American actor (born 1971)

Joshua Aaron Charles (born September 15, 1971) is an American film, television, and theater actor best known for playing Will Gardner on The Good Wife, a role which earned him two Primetime Emmy Award nominations. He also appeared in Sports Night, Dead Poets Society and Don't Tell Mom the Babysitter's Dead.

==Early life==
Joshua Aaron Charles was born on September 15, 1971 to Allan Charles, an advertising executive, and Laura Peyton. He is Jewish on his father's side and identifies as Jewish himself. He began his career performing comedy at the age of 9. As a teenager, he spent several summers at Stagedoor Manor Performing Arts Center in New York.

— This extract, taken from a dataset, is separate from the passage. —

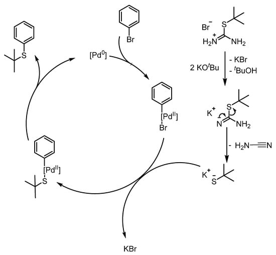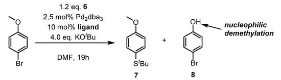 Considering the aforementioned transformation of 4-bromoanisole so 7, Park et al. [30] used a Pd(dba)2/dppf catalyst system and obtained a yield of 87% using S-tert-butylthioacetate as sulfur source, however with an increased temperature of 110 °C. Exploiting the in situ formation of thiolates from tert-butyl bromide and thiourea, Wang et al. [31] obtained S-tert-butylthiobenzene (yield 76%) and 4-nitro-S-tert-butylthiobenzene (yield 77%) from the respective aryl bromides using a Pd2dba3/XPhos catalyst system and yields were significantly higher for primary alkyl substrates.

He attended the Baltimore School for the Arts, where he was a classmate of Jada Pinkett and Tupac Shakur.

==Career==
===Film===
Charles's film debut was in John Waters's Hairspray in 1988. The following year, he starred alongside Robin Williams and Ethan Hawke in Dead Poets Society. He had also appeared in Don't Tell Mom the Babysitter's Dead, Threesome, Pie in the Sky, Muppets from Space, S.W.A.T, Four Brothers, After.Life, Crossing the Bridge, and Brief Interviews with Hideous Men.

===Television===
Charles played sports anchor Dan Rydell in Aaron Sorkin's Sports Night (1998–2000), for which he was nominated for the Screen Actors Guild Award. In 2008, Charles appeared in season one of HBO's In Treatment. He played a recurring role in The Good Wife, for which he was nominated for an Emmy Award twice; once in 2011 and another in 2014.

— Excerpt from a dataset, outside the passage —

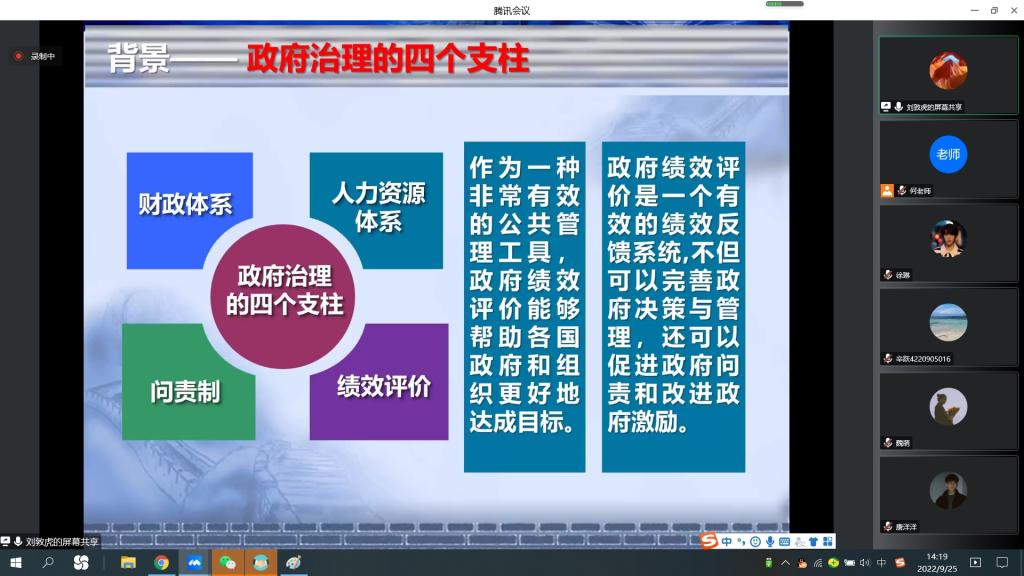 刘敦虎首先以米尔顿·弗里德曼花钱办事的四种模式理论作为引入点展开讲述,并和同学们在线上进行交流互动。他告诉同学们绩效管理作为政府治理的四个重要支柱之一,目的是打造高效、责任政府。并介绍了绩效管理的背景、发展以及特点作用。

In 2011, Charles narrated the debut episode for NFL Network's A Football Life based on New England Patriots head coach Bill Belichick. In 2022, he starred in the HBO limited series We Own This City.

In May 2025, Charles joined the cast of the American remake of the British series Doc Martin called Best Medicine.

===Theatre===
Charles headlined a production of Jonathan Marc Sherman's Confrontation in 1986. In 2004, he appeared in the revival of Neil LaBute's The Distance from Here which received a Drama Desk Award for Best Ensemble Cast. In January 2006, he appeared in Richard Greenberg's The Well-Appointed Room at the Steppenwolf Theatre Company, Chicago and Caryl Churchill's A Number at the American Conservatory Theater, San Francisco. In 2007, he appeared in Adam Bock's The Receptionist at the Manhattan Theatre Club, New York City.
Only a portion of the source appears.